ASSIGNED TASK:
Omit the pictures and output every entry below exactly as written.
Segment Open
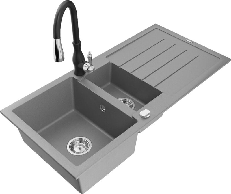 Technické dáta: Drez: Rozmer: 1000x500x200 mm Hĺbka komory: 190 mm (väčšia), 115 mm (menšia) Rozmery komory: 430×330 mm (väčšie), 340×170 mm (menšie) Priemer odtoku: ø90 mm Typ: 1,5-miska s odkvapkávačom Typ: Zapustené do pracovnej dosky Šedá farba Povrchová úprava sifónu: Chrome Materiál: žula (80% žulové kamenivo 20% živice) Prepadový otvor: Áno Otvory: (batérie, automat) 2 Inštalácia: Univerzálna, je možné inštalovať s odkvapkávačom na ľavú alebo pravú stranu Vysoká odolnosť proti poškriabaniu a zmene farby Odolnosť proti tepelným šokom Povrch pre ľahké čistenie Dva dodatočné vyfrézované otvory na samodierovanie ø35 Kuchynská batéria: Materiál: mosadz Čierna farba Hlava: Keramická Perlátor: Áno Typ: Jednopákové Výška batérie: 410 mm Rozsah výtoku: 231 mm(GT) Ean: 5905315036186
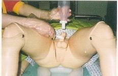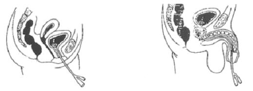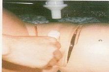 图十一 女性以冲洗器向会阴部冲洗方式 图十二 会阴以棉枝冲洗方式
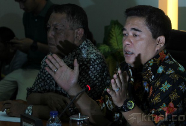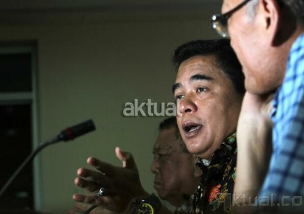 Ketua Umum Dewan Pimpinan Nasional (Depinas) SOKSI Ade Komarudin (tengah), Sekjen SOKSI Laurence Siburian (kanan) dan Ketua Depinas SOKSI Saut Tobing (kiri) saat jumpa pers di Gedung Parlemen, Jakarta, Jumat (2/5/2014). SOKSI tetap solid mendukung pencapresan Aburizal Bakrie (ARB) dari Partai Golkar sebelum ada keputusan Rapimnas Partai Golkar. Aktual/Tino Oktaviano
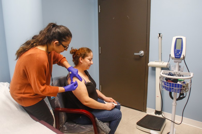 A medical assistant at Peninsula Healthcare Connection gives a patient a flu shot in 2017. Photo by Veronica Weber.
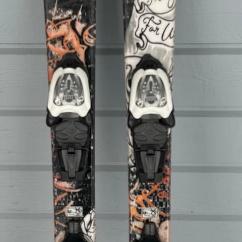 Hyvässä kunnossa olevat temppusukset. Täältä ostettu hyväkuntoisena. Nykyinen laskija ei ehtinyt montaa kertaa laskea, kun kasvupyrähdyksen vuoksi sukset jäivät pieniksi.
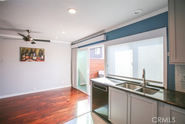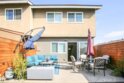 Corner end unit! Bradford place community Townhome, turnkey and move in ready. 3 bedrooms, 1.5 bathrooms, 2 car garage. Inside featuring laminate wood floors, plantation shutters, recessed lighting, built in electric fireplace, upgraded dual pane windows. First floor features half bath, dining area, and remodeled kitchen. Sliding door access to spacious back patio area and detached tow car garage. All 3 bedrooms upstairs, remodeled bathroom, laminated wood floors. Bradford place community features many amenities, kid playground, association pool and clubhouse. Best of all award winning Garden Grove unified School district.
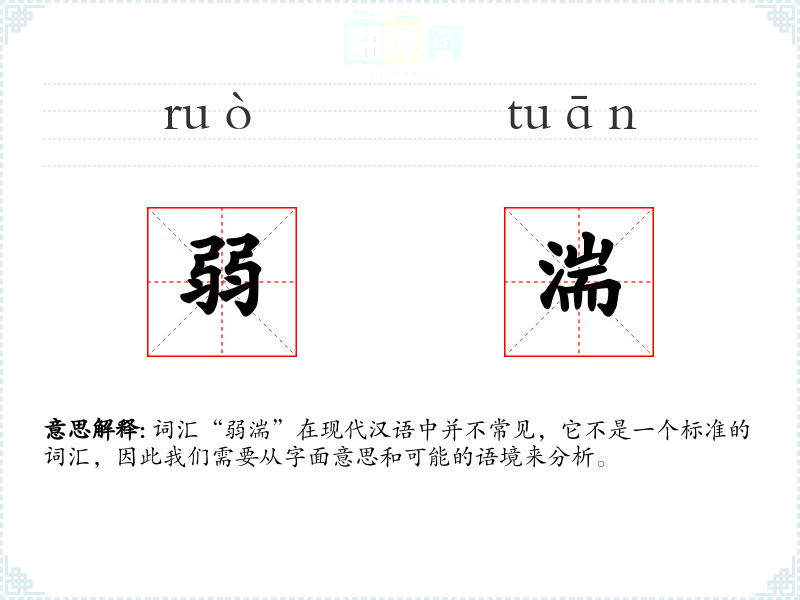 “弱”通常指力量小、不强或脆弱的状态,而“湍”则指水流急速、汹涌。将这两个字组合在一起,“弱湍”可能指的是一种看似急速但实际上力量不强的水流状态,或者比喻性地指某种表面激烈但实际上并不强大的现象。
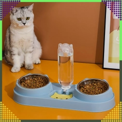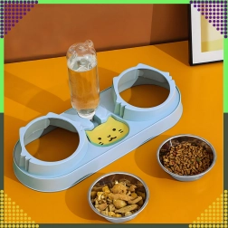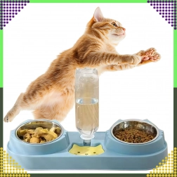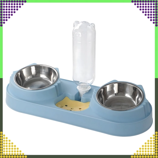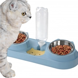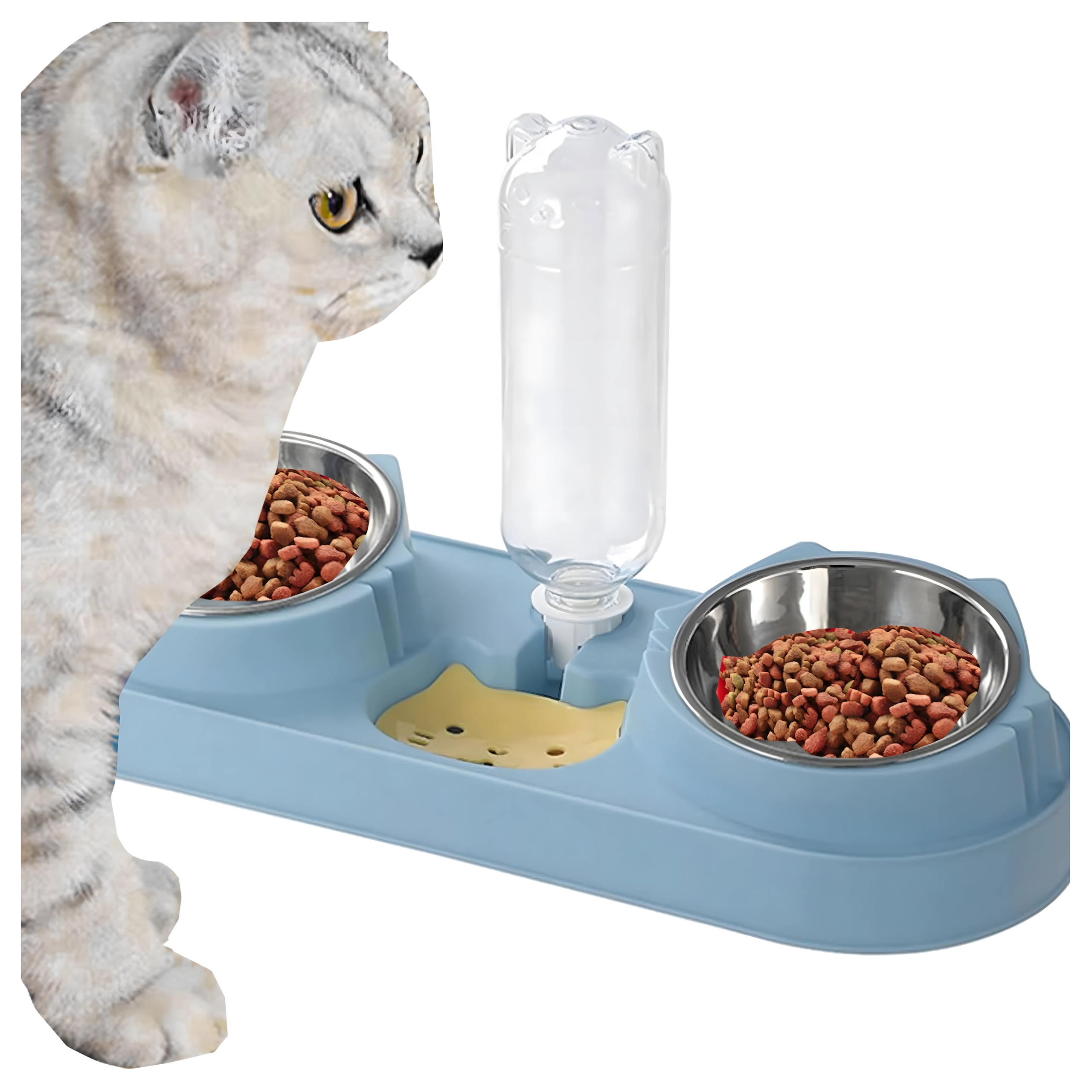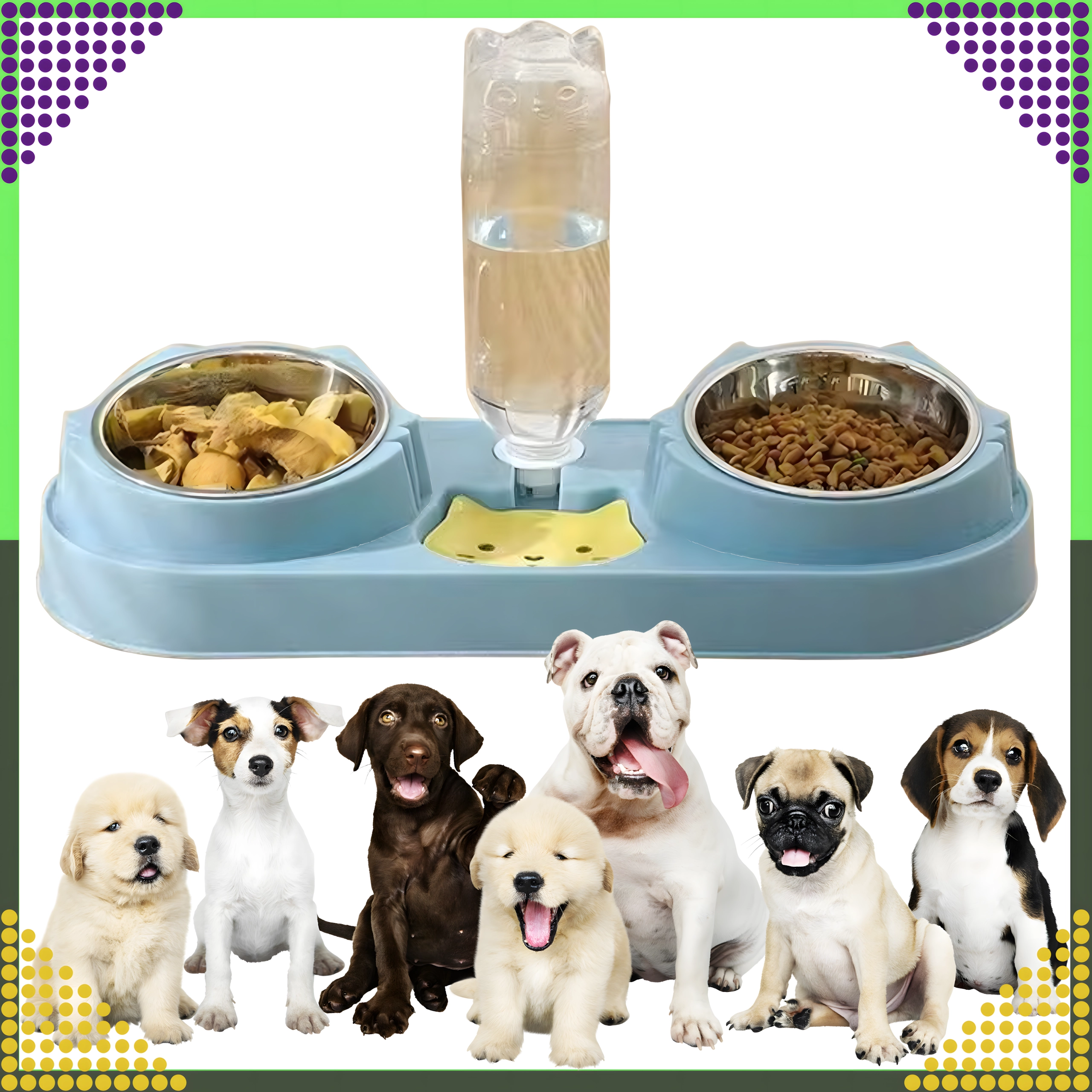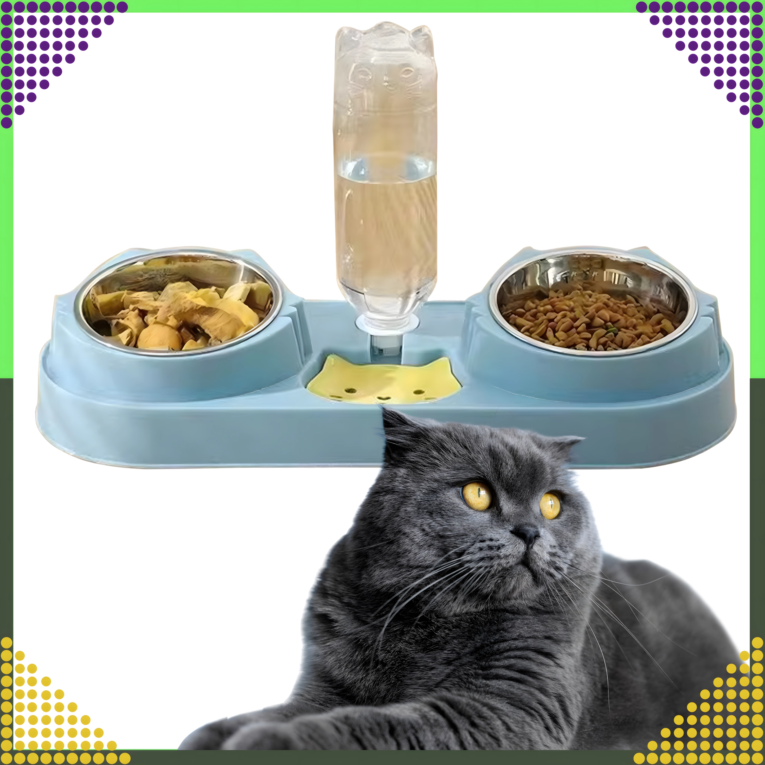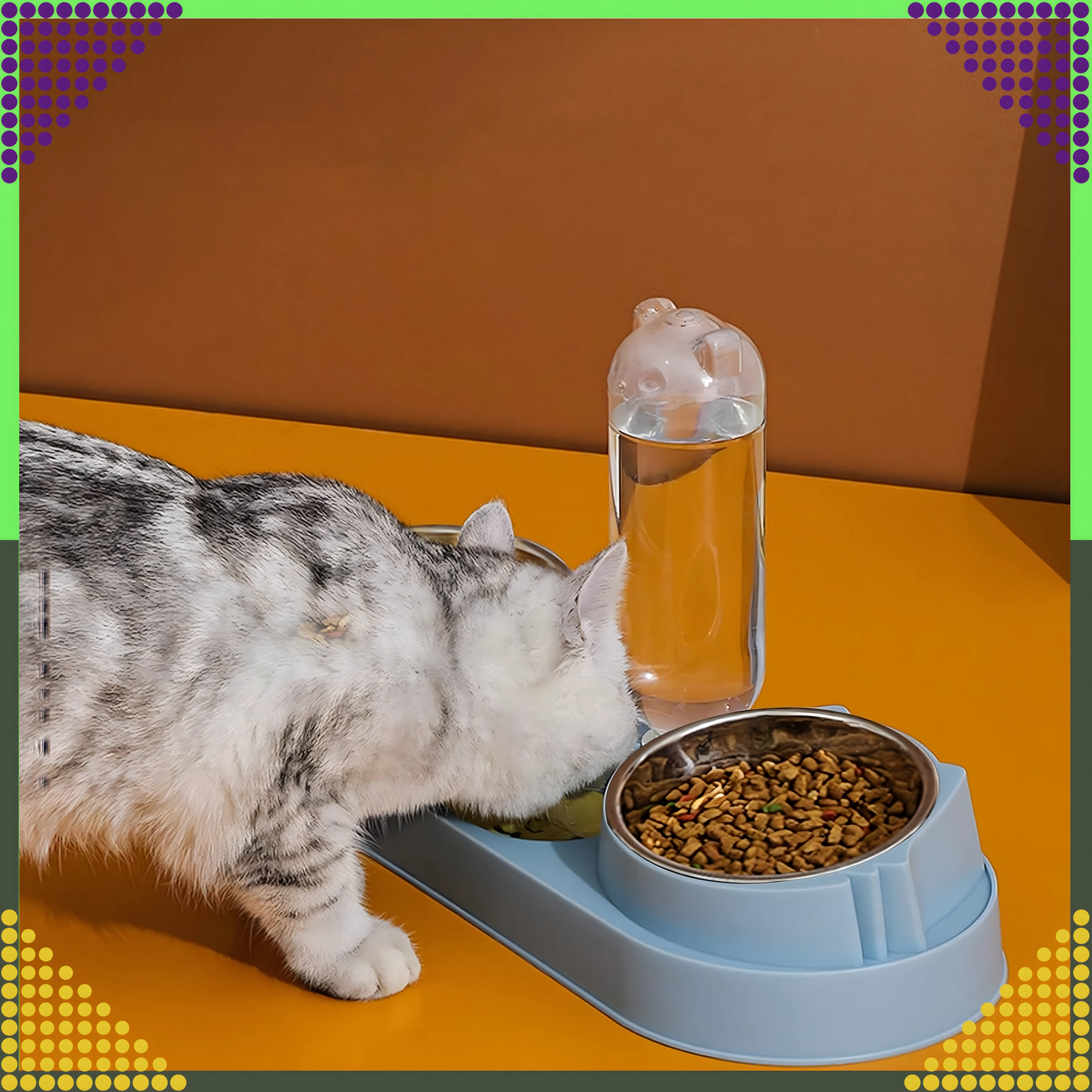 Praktikus kettős etetőtál házi kedvenceknek, integrált vízadagolóval, amely biztosítja az egyszerre történő etetést és friss vízellátást. A kivehető rozsdamentes tálak megkönnyítik a gyors tisztítást, a stabil alap megakadályozza a felborulást, a gravitációs itató pedig tisztán és elérhetően tartja a vizet távollétedben is.
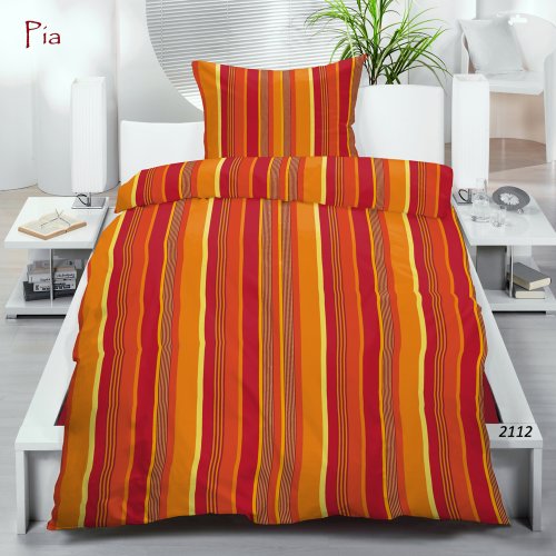 Bettwäsche Garnituren 2-teilig Microfaser Grösse 1x Bettbezug 135x200 cm und 1x Kissenbezug 80x80 cm, "Pia" Farbe rot, orange, gelb
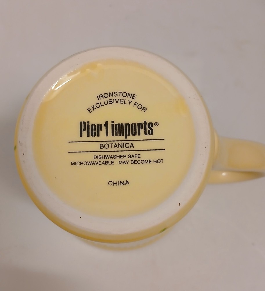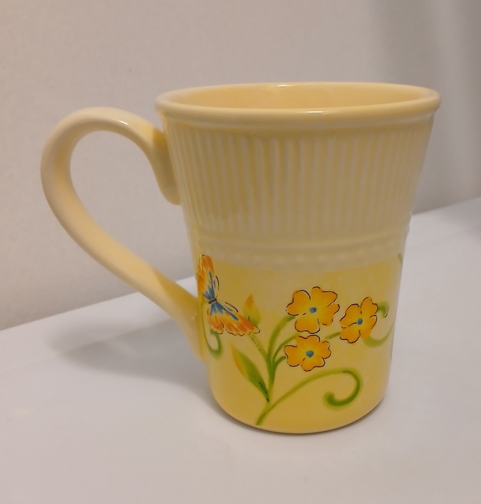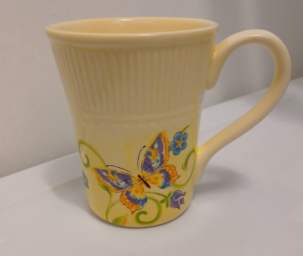 Pier 1 Imports presents a Botanica Butterfly and floral Design Coffee Mug in pale yellow color. Holds 14oz ....
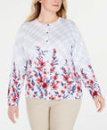Karen Scott Women's Long Sleeve Button Front Gingham Flowers Cardigan Plus 0X
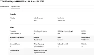 Televisor Samsung de 55 pulgadas con tecnología Crystal UHD. - Modelo 2023. - Diseño elegante en color negro. - Mando a distancia incluido.
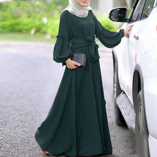 MS216#Vestido musulmán plisado con cintura de satén
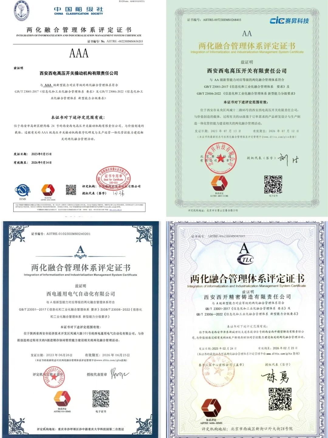 近日,中國西電所屬西開有限、西電操動機構、西電通用、西開鑄造分別榮獲國家工信部授權頒發的“兩化融合管理體系評定”證書,標志著企業在推進信息化與工業化深度融合方面邁上新臺階。
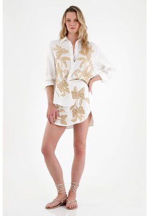 ¡A volar alto con tu estilo! Una camisa con los detalles más auténticos que le darán a tus looks clásicos un toque inolvidable. Características• Color: crudo • Cuello clásico • Manga larga • Ruedo curvo más largo en posterior • Bordado de mariposas en delantero • Perilla de botones • Puños con botón • Material: Lino 100% Sobre el fit Úsala con su falda en set y obtén un resultado elegante, formal y muy femenino.
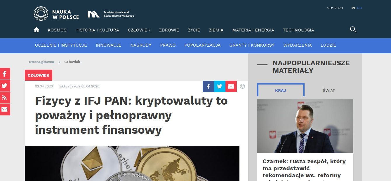 SponsoredKontynuacją poważnych badań naukowych nad kryptowalutami na rodzimym gruncie są tegoroczne analizy fizyków z Krakowa. Zespół kierowany przez prof. Stanisława Drożdża z Instytutu Fizyki Jądrowej PAN wykorzystał praktycznie nieograniczone dane płynące z blockchain i przeanalizował je za pomocą formalizmu macierzy korelacji używanego w fizyce statystycznej. Celem było poszukiwanie wzorców i wykazanie podobieństw do dojrzałych rynków typu Forex.
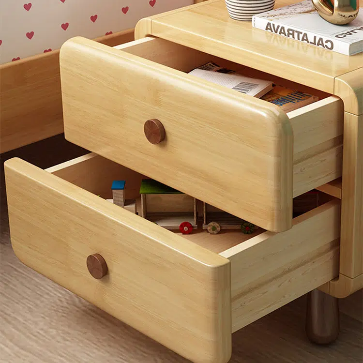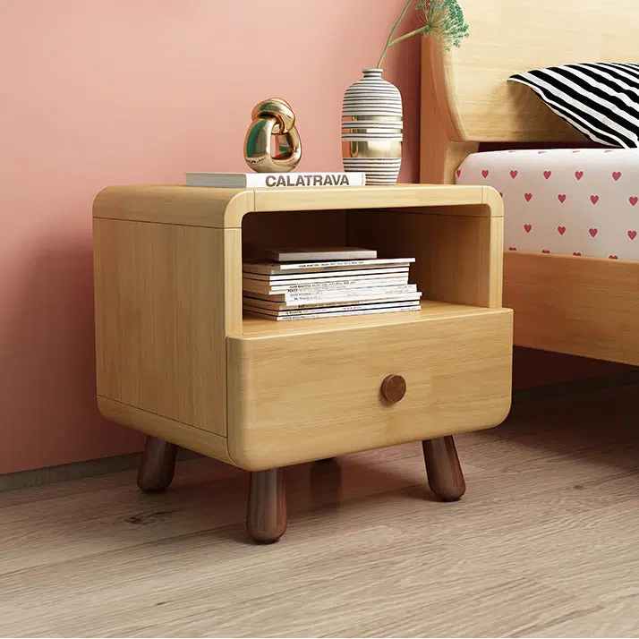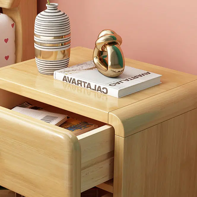 Crafted from natural solid wood. this contemporary nightstand features a rounded cylinder and soft-edged square design perfect for kids’ or teens’ bedrooms. With 1 or 2 drawers and clear wood grain. it adds warmth. storage. and charm in a natural wood finish.
Segment Closed
ANSWER:
 Technické dáta: Drez: Rozmer: 1000x500x200 mm Hĺbka komory: 190 mm (väčšia), 115 mm (menšia) Rozmery komory: 430×330 mm (väčšie), 340×170 mm (menšie) Priemer odtoku: ø90 mm Typ: 1,5-miska s odkvapkávačom Typ: Zapustené do pracovnej dosky Šedá farba Povrchová úprava sifónu: Chrome Materiál: žula (80% žulové kamenivo 20% živice) Prepadový otvor: Áno Otvory: (batérie, automat) 2 Inštalácia: Univerzálna, je možné inštalovať s odkvapkávačom na ľavú alebo pravú stranu Vysoká odolnosť proti poškriabaniu a zmene farby Odolnosť proti tepelným šokom Povrch pre ľahké čistenie Dva dodatočné vyfrézované otvory na samodierovanie ø35 Kuchynská batéria: Materiál: mosadz Čierna farba Hlava: Keramická Perlátor: Áno Typ: Jednopákové Výška batérie: 410 mm Rozsah výtoku: 231 mm(GT) Ean: 5905315036186
 图十一 女性以冲洗器向会阴部冲洗方式 图十二 会阴以棉枝冲洗方式
 Ketua Umum Dewan Pimpinan Nasional (Depinas) SOKSI Ade Komarudin (tengah), Sekjen SOKSI Laurence Siburian (kanan) dan Ketua Depinas SOKSI Saut Tobing (kiri) saat jumpa pers di Gedung Parlemen, Jakarta, Jumat (2/5/2014). SOKSI tetap solid mendukung pencapresan Aburizal Bakrie (ARB) dari Partai Golkar sebelum ada keputusan Rapimnas Partai Golkar. Aktual/Tino Oktaviano
 A medical assistant at Peninsula Healthcare Connection gives a patient a flu shot in 2017. Photo by Veronica Weber.
 Hyvässä kunnossa olevat temppusukset. Täältä ostettu hyväkuntoisena. Nykyinen laskija ei ehtinyt montaa kertaa laskea, kun kasvupyrähdyksen vuoksi sukset jäivät pieniksi.
 Corner end unit! Bradford place community Townhome, turnkey and move in ready. 3 bedrooms, 1.5 bathrooms, 2 car garage. Inside featuring laminate wood floors, plantation shutters, recessed lighting, built in electric fireplace, upgraded dual pane windows. First floor features half bath, dining area, and remodeled kitchen. Sliding door access to spacious back patio area and detached tow car garage. All 3 bedrooms upstairs, remodeled bathroom, laminated wood floors. Bradford place community features many amenities, kid playground, association pool and clubhouse. Best of all award winning Garden Grove unified School district.
 “弱”通常指力量小、不强或脆弱的状态,而“湍”则指水流急速、汹涌。将这两个字组合在一起,“弱湍”可能指的是一种看似急速但实际上力量不强的水流状态,或者比喻性地指某种表面激烈但实际上并不强大的现象。
 Praktikus kettős etetőtál házi kedvenceknek, integrált vízadagolóval, amely biztosítja az egyszerre történő etetést és friss vízellátást. A kivehető rozsdamentes tálak megkönnyítik a gyors tisztítást, a stabil alap megakadályozza a felborulást, a gravitációs itató pedig tisztán és elérhetően tartja a vizet távollétedben is.
 Bettwäsche Garnituren 2-teilig Microfaser Grösse 1x Bettbezug 135x200 cm und 1x Kissenbezug 80x80 cm, "Pia" Farbe rot, orange, gelb
 Pier 1 Imports presents a Botanica Butterfly and floral Design Coffee Mug in pale yellow color. Holds 14oz ....
Karen Scott Women's Long Sleeve Button Front Gingham Flowers Cardigan Plus 0X
 Televisor Samsung de 55 pulgadas con tecnología Crystal UHD. - Modelo 2023. - Diseño elegante en color negro. - Mando a distancia incluido.
 MS216#Vestido musulmán plisado con cintura de satén
 近日,中國西電所屬西開有限、西電操動機構、西電通用、西開鑄造分別榮獲國家工信部授權頒發的“兩化融合管理體系評定”證書,標志著企業在推進信息化與工業化深度融合方面邁上新臺階。
 ¡A volar alto con tu estilo! Una camisa con los detalles más auténticos que le darán a tus looks clásicos un toque inolvidable. Características• Color: crudo • Cuello clásico • Manga larga • Ruedo curvo más largo en posterior • Bordado de mariposas en delantero • Perilla de botones • Puños con botón • Material: Lino 100% Sobre el fit Úsala con su falda en set y obtén un resultado elegante, formal y muy femenino.
 SponsoredKontynuacją poważnych badań naukowych nad kryptowalutami na rodzimym gruncie są tegoroczne analizy fizyków z Krakowa. Zespół kierowany przez prof. Stanisława Drożdża z Instytutu Fizyki Jądrowej PAN wykorzystał praktycznie nieograniczone dane płynące z blockchain i przeanalizował je za pomocą formalizmu macierzy korelacji używanego w fizyce statystycznej. Celem było poszukiwanie wzorców i wykazanie podobieństw do dojrzałych rynków typu Forex.
 Crafted from natural solid wood. this contemporary nightstand features a rounded cylinder and soft-edged square design perfect for kids’ or teens’ bedrooms. With 1 or 2 drawers and clear wood grain. it adds warmth. storage. and charm in a natural wood finish.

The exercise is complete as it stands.